EOG Glacier C is ~ 1500' away from Lavender Thiede well

EOG Glacier C well Gonzales County Texas is near our family’s Lavender Thiede well, operator Penn Virginia.

I’m concerned.

Any advice on how to proceed would be greatly appreciated.

Is the new well a horizontal well? Is your well vertical or horizontal ?

New well is horizontal on 220 acres, my well is vertical. I am new to getting involved. My dad was David Thiede and he worked with Penn Virginia to try to get to move forward on fracing without success… yet. It seems like our operator, Penn Virginia is not acting in our best interest, but I could be wrong.

Don’t confuse the surface location with the whole well path. The wells can be rather close together and not impact (or impact) each other. Depends upon if they are in the same reservoir.

Have no idea if Penn is working in your best interest or not; but, IMHO, Penn is one of the big boys, so they will do their best to keep EOG from pumping their oil. With that said, 1500 feet is a long way from your well, so they could legally drill much closer. First, even thought the drilling rules don’t favor the mineral owner, the RRC has some set back rules to help with your concerns; but, still much less than 1500 feet. To add to this, I doubt very seriously that EOG is drilling a horizontal well on 220 acres. If they are, that is extremely rare. They may be drilling on a 220 acre surface tract; but, I suspect they have pooled other acreage so they can drill a decent lateral length.

according to rail road commission our Penn virginia wells are horizontal wells but are not active - if the legend and icons are correct

also it appears that the EOG well runs south through non-EOG owned properties but not north - the location of our wells, so perhaps it isn’t as bad as I think

EOG well value is an estimated “$3+ million per month for an 5 percent interest owner” and ~ 1300 feet away our well is bringing in a few thousand a month - per ShaleXP

Yes, it is likely that EOG has pooling agreements with neighboring leases. My dad was a petroleum engineer so I am familiar with horizontal wells and how surface does not equate to sub-surface activity. I also know that 1200’ is the pooling agreement space between wells and Glacier C is actually 1300’ from the Lavender Thiede well. EOG is creating a low pressure reservoir that siphons reserves from surrounding property and that is perfectly legal. My concern is that Penn Virginia has only held the lease with the minimal agreed production, are not doing anything to defend the oil on our lease by drilling an offset well nor commencing with horizontal drilling and fracing. I disagree with Penn Virginia’s strategy. What are my options?
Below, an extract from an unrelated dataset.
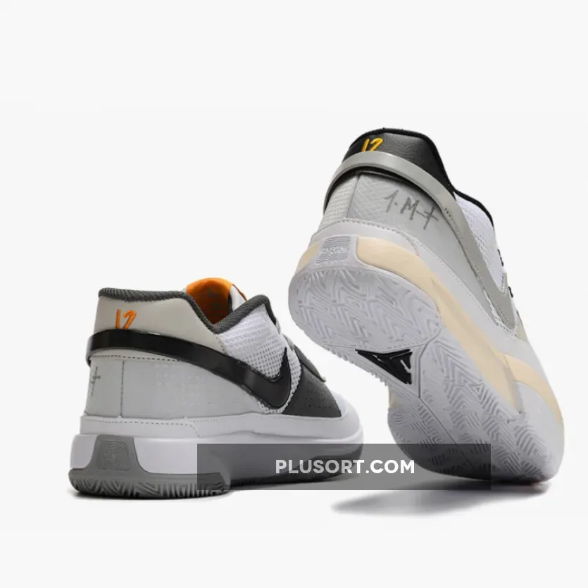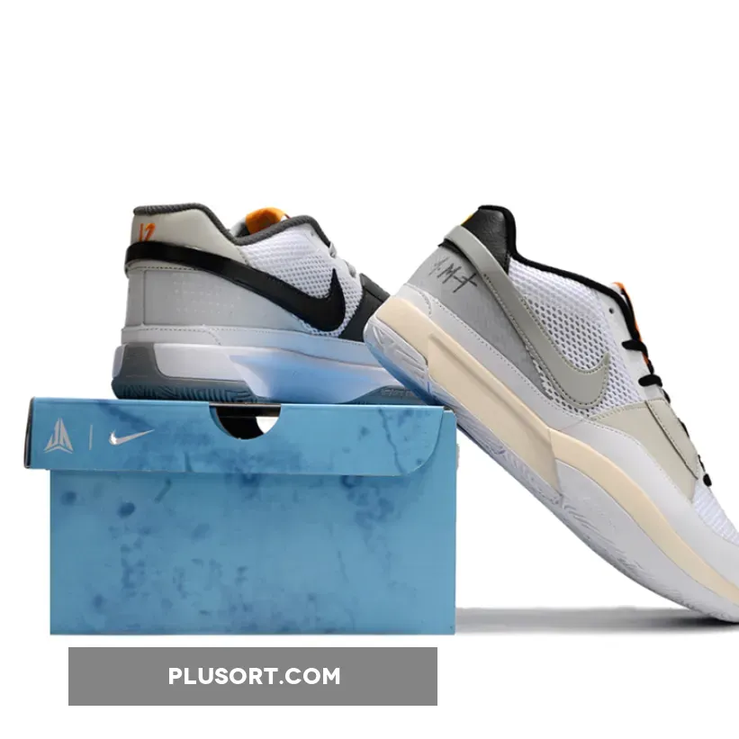 Further elevating the pair are the orange tongue labels with signature “JA” branding and “12” embroidered into the heels. Rounding out the final design cues are the mismatched Zoom cushioned midsole and rubber outsole

Not sure if this helps at all, but PV is not in the best financial state at the moment. Following their failed merger, and stock price being near the 52 week low. They are most likely looking for a new suitor, they have already filed for bankruptcy in the past and with the DNR Merger dead, they are in a cash flow crisis. I wouldn’t expect any action out of PV at the moment, it appears they are working on boosting their portfolio to find a new merger/acquisition deal. And I am saying this having worked 15+ years in the industry, a stock owner in PV, and a current royalty owner and mineral buyer in the area. There is very little confidence in PV in the play at this time.

Thank you for taking time to reply. I wondered if PV was struggling financially. Even so, their staff have been great about helping us transfer ownership in the wells.

I hope to continue lobbying for drilling the Eagle Ford on our leases by hiring a land man or lawyer to assist me. Any tips or suggestions would be greatly appreciated.

Without a continuous drilling clause in your original OGL, I’m not sure any level of lobbying for drilling your leases will help. Once your held by production, its on the oil companies timeline on when and where they drill. With Oil futures predictions right now not showing a heavy upward swing, the likelihood of seeing activity is slim. Most market analysis would tell you we are more likely to see oil in the $30s than the $70s. All oil companies are going to drill for economics, as their shareholders are all calling for seeing green on the ledger. So until we see oil get a significant boost you are going to see rig counts shrink. The big guys can still drill and be profitable if they have a nice spot, but the little guys have to tighten their belts and pick their rig placing carefully. As writing this PV only has one new rig up since August in Gonzales- API-42-177-34195 in the Cannonade Springs Unit, which is a sure sign of the times. Again I believe and others I have spoke with that PV is trying to fluff their portfolio and look for a new buyout/merger since the death of the DNR deal.